No other metal band in the world was doing anything as remotely weird as this Canberra four-piece, and few do so even today. "Jar of Kingdom" is, succinctly described, rather like what a death metal album by Pink Floyd would sound like if Frank Zappa was their musical director. The arrangements are angular and virtually disjointed at times; the music is almost confusing in its quirkiness and the effect is sometimes harsh and otherworldly. At times, it's not like listening to a metal album at all.

"Jar of Kingdom" is a very strange album with some very strange elements. 'Whale', for example, is the sound of a whale accompanied by some rather peculiar instrumentation. 'Shell' contains some ethereal, slightly off-key keening by female vocalist Michelle Klemke, a strident counterpoint to Adam Agius' still-undeveloped death growls. The slide guitars and keyboards that dominate later Alchemist albums aren't as prevailing here but the grinding death metal undercurrent of the tracks are offset by abrupt, jarring, discordant guitar notes, strange psychedelic passages and swirling acoustic interludes. This is Alchemist at their rawest and most experimentally bizarre, a band pushing the envelope of creativity to such a point that even through the diabolical sound quality of the recording it remains clear that a dauntingly inventive musical outift has emerged.
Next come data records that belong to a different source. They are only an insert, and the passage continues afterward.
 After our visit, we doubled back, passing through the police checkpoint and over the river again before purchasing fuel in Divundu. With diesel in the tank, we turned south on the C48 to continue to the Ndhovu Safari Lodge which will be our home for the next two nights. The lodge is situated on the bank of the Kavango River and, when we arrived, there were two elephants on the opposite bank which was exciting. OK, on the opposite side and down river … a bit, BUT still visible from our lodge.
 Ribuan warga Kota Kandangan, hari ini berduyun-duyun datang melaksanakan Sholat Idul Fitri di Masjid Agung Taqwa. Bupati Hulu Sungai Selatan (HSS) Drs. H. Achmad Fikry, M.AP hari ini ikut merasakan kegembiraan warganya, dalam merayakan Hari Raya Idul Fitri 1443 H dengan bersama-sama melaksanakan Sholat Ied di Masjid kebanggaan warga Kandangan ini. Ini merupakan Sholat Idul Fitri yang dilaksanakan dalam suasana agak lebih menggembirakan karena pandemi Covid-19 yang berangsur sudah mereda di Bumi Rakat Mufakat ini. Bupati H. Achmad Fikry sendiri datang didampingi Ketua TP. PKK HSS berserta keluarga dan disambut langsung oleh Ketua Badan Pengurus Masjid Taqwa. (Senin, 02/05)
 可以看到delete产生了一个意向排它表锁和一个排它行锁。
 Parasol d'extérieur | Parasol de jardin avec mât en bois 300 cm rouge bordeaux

The ten tracks here marked Alchemist, then and now, as a band that plays by nobody's rules but their own. "Jar of Kingdom" is a journey that begins looking down on the world from the Moon, travels through the planes of the human psyche, conception and perception and ends far out beyond the reaches of the Solar System. It's a trip that is as wild and uncanny as it sounds and some may find it a just a little bit too odd to comprehend.
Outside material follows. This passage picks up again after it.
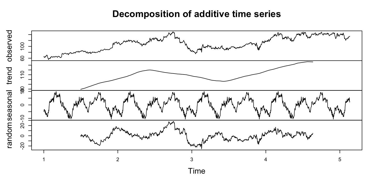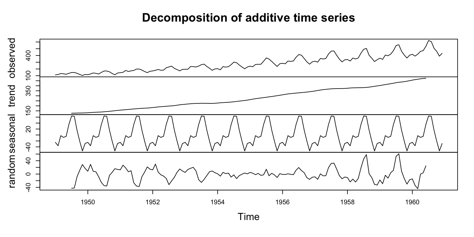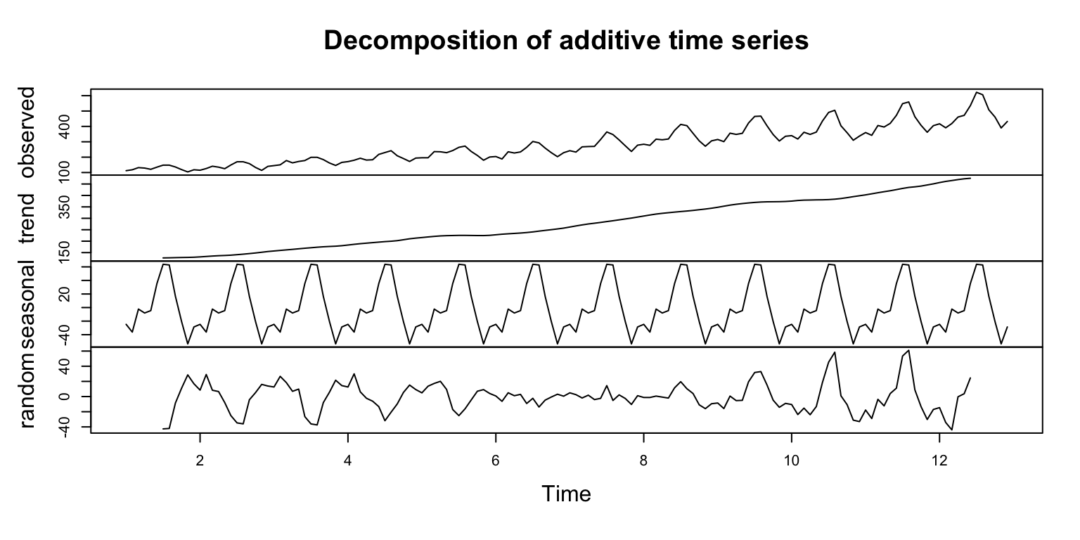 Forecasting: time series objects are designed for applying various forecasting methods like Holt-Winters and ARIMA. This is well beyond the scope of this post, but we’ll show a quick ARIMA example.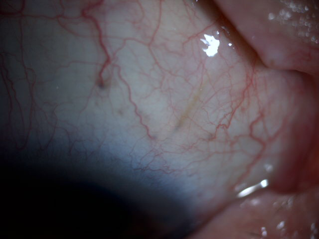 Xen jel stent açısından literatüre gözatacak olursak, De Gregorio ve ark. çalışmalarında açık açılı glokom ve katarakt birlikteliği olan 33 olgunun 41 gözüne fako-Xen uygulanarak 1 yıllık takip sonuçları değerlendirilmiştir. Ameliyat öncesi GİB ve ilaç sayısı ortalaması 22.5 ± 3.7 mmHg ve 2.5± 0.9 iken, takip süresi sonunda sırasıyla 13.1±2.4 mmHg ve 0.4 ± 0.8 olarak tespit edilmiştir. GİB düşüş oranı %41.82 olmuştur. Bizim ulusal kongrede sunacağımız çalışmamızda glokom ve katarakt birlikteliği olan 10 olgunun 16 gözüne fako ile kombine Xen implantasyonu yapılarak cerrahi sonuçlar değerlendirildi. Tüm olgularda antimetabolit ajan olarak 5FU kullanıldı. Ameliyat öncesi GİB ortalaması antiglokom tedavi ile (çoğu fix kombinasyon) 22.9±2.2 iken, ameliyat sonrası son kontrol muayenesinde 13.7±1.9 mmHg olarak tespit edildi. GİB düşüşü istatistiksel olarak anlamlı bulundu (p<0.05). Ameliyat öncesi ilaç sayısı ortalaması 1.3±0.6 olan olguların hiçbirinde ameliyat sonrası ilaç gereksinimi olmadı (Resim 5,6).

"Jar of Kingdom" was a groundbreaking album, not just for Alchemist but for the Australian metal scene. The original Lethal version is a rarity now, but the sound quality is so poor that only the most rabid collector would want to track it down. Fortunately, Alchemist remixed this album in late 1998 and reissued it the following year so that everyone could finally experience it the way it was meant to sound. Not only that, but they included tracks from their 91 demo as well, one of which, 'Womb Syndromb', exceeds even "Jar of Kingdom" itself in weirdness.